Which game has the higher probability of winning? Justify your answer with a calculation. This is a phone-screen question, so be prepared to reason through the comparison out loud, ideally without relying on a calculator.
```hint Complement rule
"At least one success" is hard to compute directly. Use $P(\text{at least one}) = 1 - P(\text{zero successes})$: find the per-roll failure probability, then raise it to the number of rolls (rolls are independent).
```
```hint Comparing without a calculator
You need to compare $(5/6)^4$ with $(35/36)^{24}$. Notice $(35/36)^{24} = \left((35/36)^6\right)^4$, so it suffices to compare $(35/36)^6$ with $5/6$. Bernoulli's inequality $(1-x)^n \ge 1 - nx$ settles that comparison cleanly.
```
```hint Why intuition misleads
The expected number of successes is $4 \cdot \tfrac{1}{6} = \tfrac{2}{3}$ in Game 1 and $24 \cdot \tfrac{1}{36} = \tfrac{2}{3}$ in Game 2 — identical. Equal expected counts do **not** imply equal probabilities of "at least one." Think about what happens to $1-(1-p)^{c/p}$ as $p$ shrinks with $c$ fixed.
```
### Constraints & Assumptions
- All dice are fair: each face of each die has probability $1/6$.
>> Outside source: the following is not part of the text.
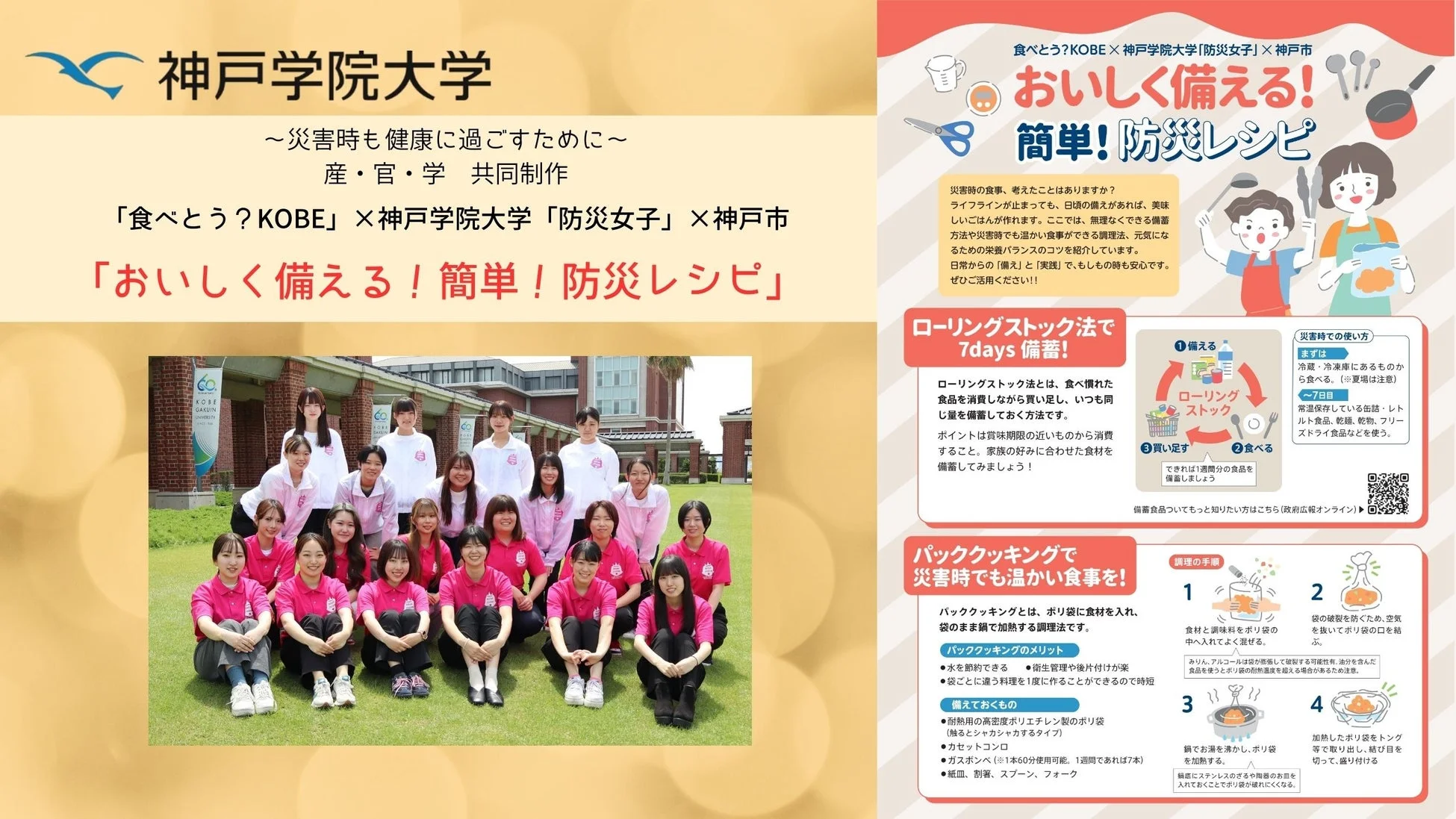 このレシピ集を制作した神戸学院大学の「防災女子」は、「災害時こそ女子力で乗り切っていこう!」をコンセプトに、女性目線での防災啓発に取り組む学生団体です。授業で培った専門知識を活かし、「やってみたくなる防災」を広める活動を行っています。

- All rolls are independent, and the two dice within a roll of Game 2 are independent.
- Game 1 uses exactly 4 rolls; Game 2 uses exactly 24 rolls.
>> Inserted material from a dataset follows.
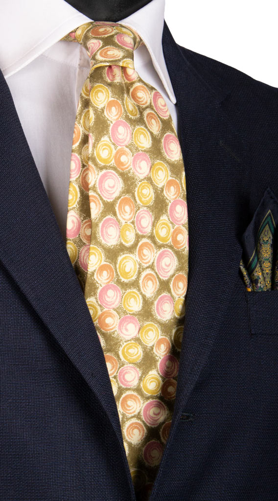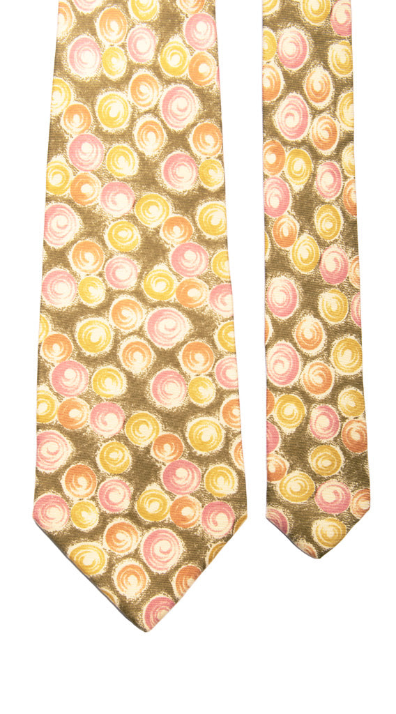 Cravatta Vintage in Twill di Seta Verde Fantasia Senape Beige Rosa CV708

- Winning means at least one success — extra successes beyond the first don't matter.
- In Game 2, a success is both dice showing 6 on the *same* roll (probability $1/36$ per roll).
### Clarifying Questions to Ask
- Are the dice fair, and are all rolls independent of one another?
- In Game 2, does "(6,6)" mean both dice show a 6 on the same roll, i.e., one event with probability $1/36$ per roll?
- Is the win condition purely "at least one success," with no bonus for multiple successes?
- Are we comparing only the probabilities of winning, or is there also a payout/stake difference between the games?
- Am I expected to produce exact numbers, or is a rigorous inequality argument for which probability is larger sufficient?
### What a Strong Answer Covers
- **Correct setup via the complement:** translating "at least one" into $1 - (\text{failure prob})^{n}$ with the right per-roll failure probabilities ($5/6$ and $35/36$).
- **A correct comparison:** either accurate numeric evaluation of both probabilities, or a clean analytic argument (e.g., Bernoulli's inequality) proving which is larger without a calculator.
- **Intuition for the result:** articulating why the naive "equal expected number of successes" argument fails — the at-least-one probability is not linear in the number of trials.
- **Communication under phone-screen conditions:** stating assumptions, walking through arithmetic clearly, and sanity-checking the final numbers (both should be near $1/2$).
### Follow-up Questions
- What is the minimum number of rolls of a single die needed for the probability of seeing at least one 6 to exceed $1/2$? What about the minimum number of rolls of a pair of dice for at least one double six?
- Fix the expected number of successes at $c = np$ and let $p \to 0$. What does the probability of at least one success converge to, and why?
- Which is more likely: at least one 6 in 6 rolls of a die, or at least two 6s in 12 rolls? How would you set up that comparison?
- How would your answer change if the win condition were "exactly one success" instead of "at least one"?